「うん。結婚してもうすぐ2年になるんだ。この最近、仕事の都合で本社に戻ってきたんだけど、妻はどうもそれが気に入らないらしくて。この間からヘソを曲げて友人の家に引き込もってるんだ」


女心は複雑だね…と呟いてる。
何だか今の私みたいだと思うと、急に親近感が湧いてきた。


「私も今、彼氏と別居中なんです。何故だか知らないけど、急に『帰ってくんな!』と言われて。男心も複雑で謎だらけですね…」


お互いの顔見て笑いだした。


脚立の転落から救済してくれた人は、たったその一言二言のやり取りで私の気持ちを軽くした。



「じゃあ、お互い気持ちの分からない者の相手をしないといけないんだね。何より会話は一番大切かな。
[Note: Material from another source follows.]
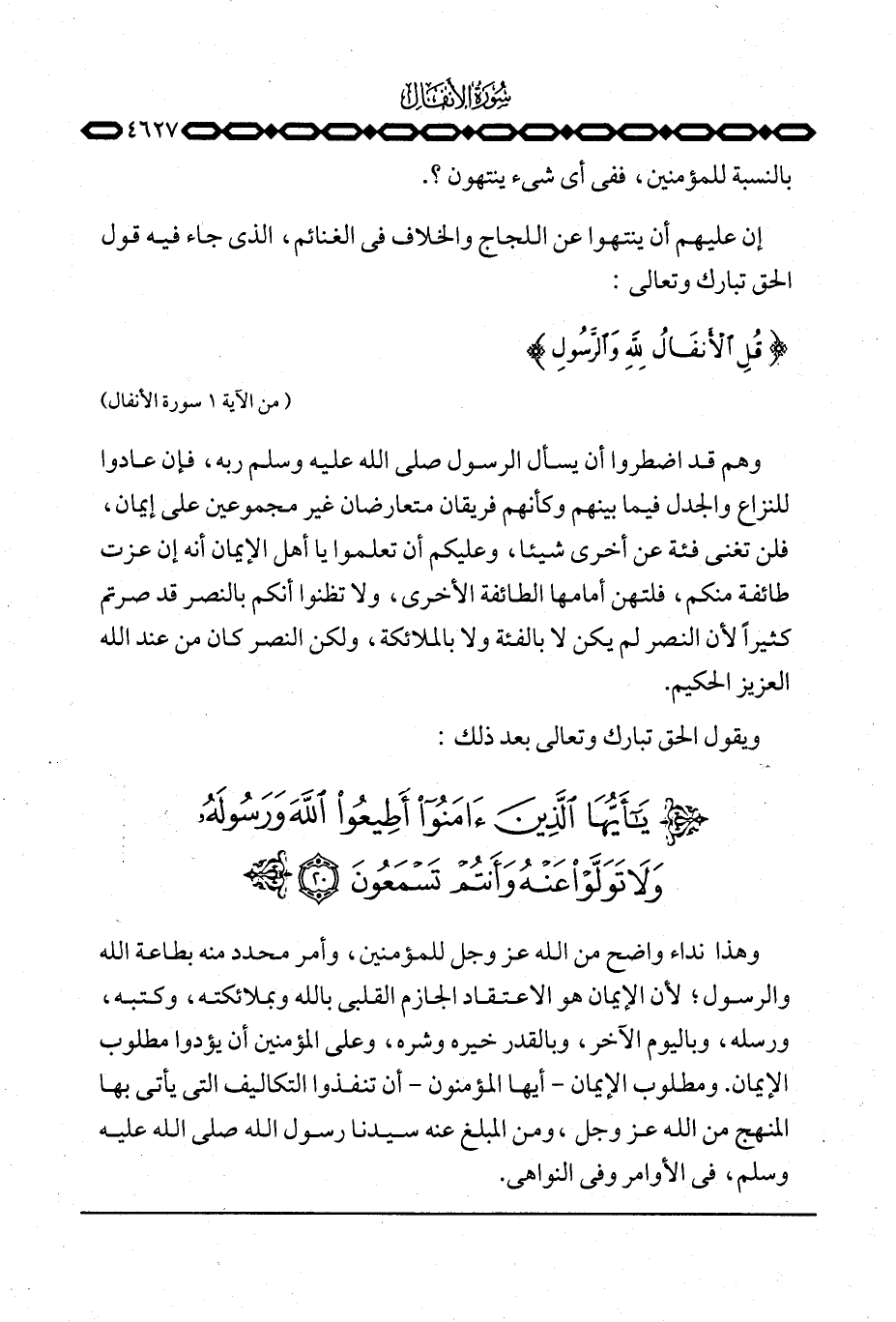 وهم قد اضطروا أن يسأل الرسول صَلَّى اللَّهُ عَلَيْهِ وَسَلَّم َ ربه، فإن عادوا للنزاع والجدل فيما بينهم وكأنهم فريقان متعارضان غير مجموعين على إيمان، فلن تغني فئة عن أخرى شيئا، وعليكم أن تعلموا يا أهل الإيمان أنه إن عزت طائفة منكم، فلتهن أمامها الطائفة الأخرى، ولا تظنوا أنكم بالنصر قد صرتم كثيراً لأن النصر لم يكن لا بالفئة ولا بالملائكة، ولكن النصر كان من عند الله العزيز الحكيم.

僕は本社勤務になってからこっち仕事が忙し過ぎて、ろくに話し相手にもなってなかったから」


「私は風邪と泥酔で、相手を振り回してばかりいたかも……」


この最近のことを思い返して自分の非を素直に認めた。


「だったら、謝るのは僕達が先の方が良さそうだね」


「本当に。その通りです」


「キャン!キャン!」


ペソまでが賛成するかのように鳴く。
その鳴き声を聞いて、早見さんは微笑みながら車を降りてきた。